• [Your task]: Would you give the listing again exactly, without its images?

┌─ Given material

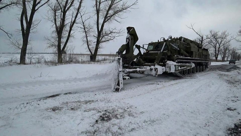 Относительное затишье эффективно использовали военнослужащие, выполняющие задачи в Донецкой области. Военной инженерной техникой они расчистили от снежных заносов автомобильную дорогу между прифронтовыми Марьинкой и Красногоровкой, сообщает пресс-центр штаба АТО. Понадобилось несколько часов работы тяжёлой гусеничной инженерной техники, чтобы прифронтовые дороги были расчищены от снежных заносов и можно было беспрепятственно передвигаться.
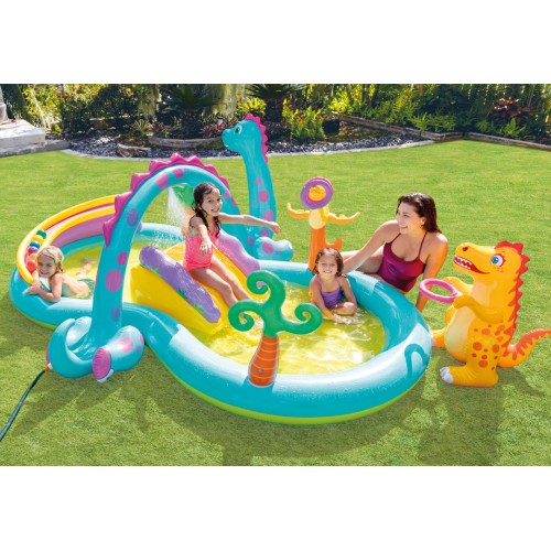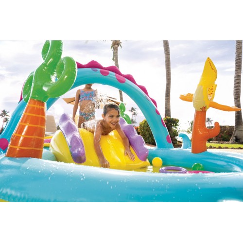 INTEX Dinoland centrum zabaw zamienia każdy ogród w pełen atrakcji wodny świat dinozaurów. To dmuchane centrum ze zjeżdżalnią, prysznicem wodnym i interaktywnymi elementami oferuje dzieciom od 2 lat nieograniczone możliwości zabawy, ochłody i ruchu w gorące letnie dni.
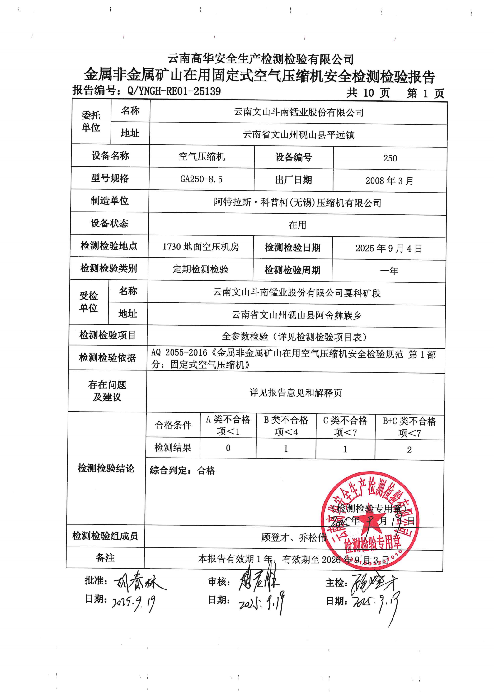 金属非金属矿山在用固定式空气压缩机安全检测检验报告
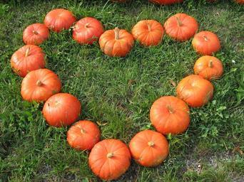 Keywords: pumpkin meadow autumn orange heart love grass vegetables nature

└─

• [Your response]:
 Относительное затишье эффективно использовали военнослужащие, выполняющие задачи в Донецкой области. Военной инженерной техникой они расчистили от снежных заносов автомобильную дорогу между прифронтовыми Марьинкой и Красногоровкой, сообщает пресс-центр штаба АТО. Понадобилось несколько часов работы тяжёлой гусеничной инженерной техники, чтобы прифронтовые дороги были расчищены от снежных заносов и можно было беспрепятственно передвигаться.
 INTEX Dinoland centrum zabaw zamienia każdy ogród w pełen atrakcji wodny świat dinozaurów. To dmuchane centrum ze zjeżdżalnią, prysznicem wodnym i interaktywnymi elementami oferuje dzieciom od 2 lat nieograniczone możliwości zabawy, ochłody i ruchu w gorące letnie dni.
 金属非金属矿山在用固定式空气压缩机安全检测检验报告
 Keywords: pumpkin meadow autumn orange heart love grass vegetables nature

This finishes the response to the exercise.